**Source material:**
╔══
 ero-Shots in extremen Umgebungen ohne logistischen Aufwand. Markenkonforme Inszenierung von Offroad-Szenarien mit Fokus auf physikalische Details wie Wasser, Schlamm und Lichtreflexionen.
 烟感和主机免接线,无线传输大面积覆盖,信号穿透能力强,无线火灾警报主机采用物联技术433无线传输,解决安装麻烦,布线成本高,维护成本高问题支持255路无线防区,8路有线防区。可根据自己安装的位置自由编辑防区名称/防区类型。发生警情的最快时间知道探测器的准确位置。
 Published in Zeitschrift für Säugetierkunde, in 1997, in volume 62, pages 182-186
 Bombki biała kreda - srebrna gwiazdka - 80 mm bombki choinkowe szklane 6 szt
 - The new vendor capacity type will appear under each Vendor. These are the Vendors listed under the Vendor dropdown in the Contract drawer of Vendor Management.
╚══
╔══
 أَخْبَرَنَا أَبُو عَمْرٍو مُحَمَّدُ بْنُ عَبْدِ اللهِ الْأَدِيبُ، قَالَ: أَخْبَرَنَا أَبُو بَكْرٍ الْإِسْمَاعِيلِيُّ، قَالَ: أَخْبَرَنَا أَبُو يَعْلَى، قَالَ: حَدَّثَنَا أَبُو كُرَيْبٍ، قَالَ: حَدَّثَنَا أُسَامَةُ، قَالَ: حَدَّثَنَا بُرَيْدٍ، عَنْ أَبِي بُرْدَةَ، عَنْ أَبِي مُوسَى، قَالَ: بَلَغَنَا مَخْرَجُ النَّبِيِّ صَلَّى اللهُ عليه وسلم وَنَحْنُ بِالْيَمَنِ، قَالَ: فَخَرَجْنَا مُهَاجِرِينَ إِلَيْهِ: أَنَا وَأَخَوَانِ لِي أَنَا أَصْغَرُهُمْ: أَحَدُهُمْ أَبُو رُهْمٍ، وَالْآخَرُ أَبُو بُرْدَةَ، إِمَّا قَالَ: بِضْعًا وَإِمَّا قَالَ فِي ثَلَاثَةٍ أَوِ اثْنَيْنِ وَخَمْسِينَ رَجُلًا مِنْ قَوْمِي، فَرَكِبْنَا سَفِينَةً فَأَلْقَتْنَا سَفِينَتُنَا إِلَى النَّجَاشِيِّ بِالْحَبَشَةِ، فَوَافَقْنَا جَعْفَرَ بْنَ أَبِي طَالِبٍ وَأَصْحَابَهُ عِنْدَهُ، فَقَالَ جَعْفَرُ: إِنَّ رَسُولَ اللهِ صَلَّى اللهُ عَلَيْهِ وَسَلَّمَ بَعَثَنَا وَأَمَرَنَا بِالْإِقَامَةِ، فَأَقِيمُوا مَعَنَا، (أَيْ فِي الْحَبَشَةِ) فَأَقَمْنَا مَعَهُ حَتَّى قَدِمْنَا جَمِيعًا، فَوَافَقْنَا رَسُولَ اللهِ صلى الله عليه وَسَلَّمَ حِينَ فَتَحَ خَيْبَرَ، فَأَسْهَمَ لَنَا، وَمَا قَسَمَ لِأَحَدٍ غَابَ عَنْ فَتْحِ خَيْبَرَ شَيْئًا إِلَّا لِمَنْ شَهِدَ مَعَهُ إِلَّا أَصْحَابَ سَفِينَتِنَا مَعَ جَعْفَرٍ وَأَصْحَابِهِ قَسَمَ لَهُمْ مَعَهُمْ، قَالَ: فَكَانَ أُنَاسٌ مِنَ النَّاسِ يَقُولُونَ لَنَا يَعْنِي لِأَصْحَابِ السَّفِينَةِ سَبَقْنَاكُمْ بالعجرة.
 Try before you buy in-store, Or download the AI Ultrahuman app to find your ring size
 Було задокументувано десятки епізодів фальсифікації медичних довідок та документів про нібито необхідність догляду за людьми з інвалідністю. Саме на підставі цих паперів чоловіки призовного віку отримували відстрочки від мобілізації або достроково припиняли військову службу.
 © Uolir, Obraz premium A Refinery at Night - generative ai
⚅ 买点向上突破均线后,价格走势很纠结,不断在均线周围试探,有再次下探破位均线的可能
╚══
**Problem requirements:**
Give back, unchanged, the run of lines in the listing above that begins at the line containing "ero-Shots in extremen" and ends at the line containing "烟感和主机免接线,无线传输大", both included.

**Worked solution:**
 ero-Shots in extremen Umgebungen ohne logistischen Aufwand. Markenkonforme Inszenierung von Offroad-Szenarien mit Fokus auf physikalische Details wie Wasser, Schlamm und Lichtreflexionen.
 烟感和主机免接线,无线传输大面积覆盖,信号穿透能力强,无线火灾警报主机采用物联技术433无线传输,解决安装麻烦,布线成本高,维护成本高问题支持255路无线防区,8路有线防区。可根据自己安装的位置自由编辑防区名称/防区类型。发生警情的最快时间知道探测器的准确位置。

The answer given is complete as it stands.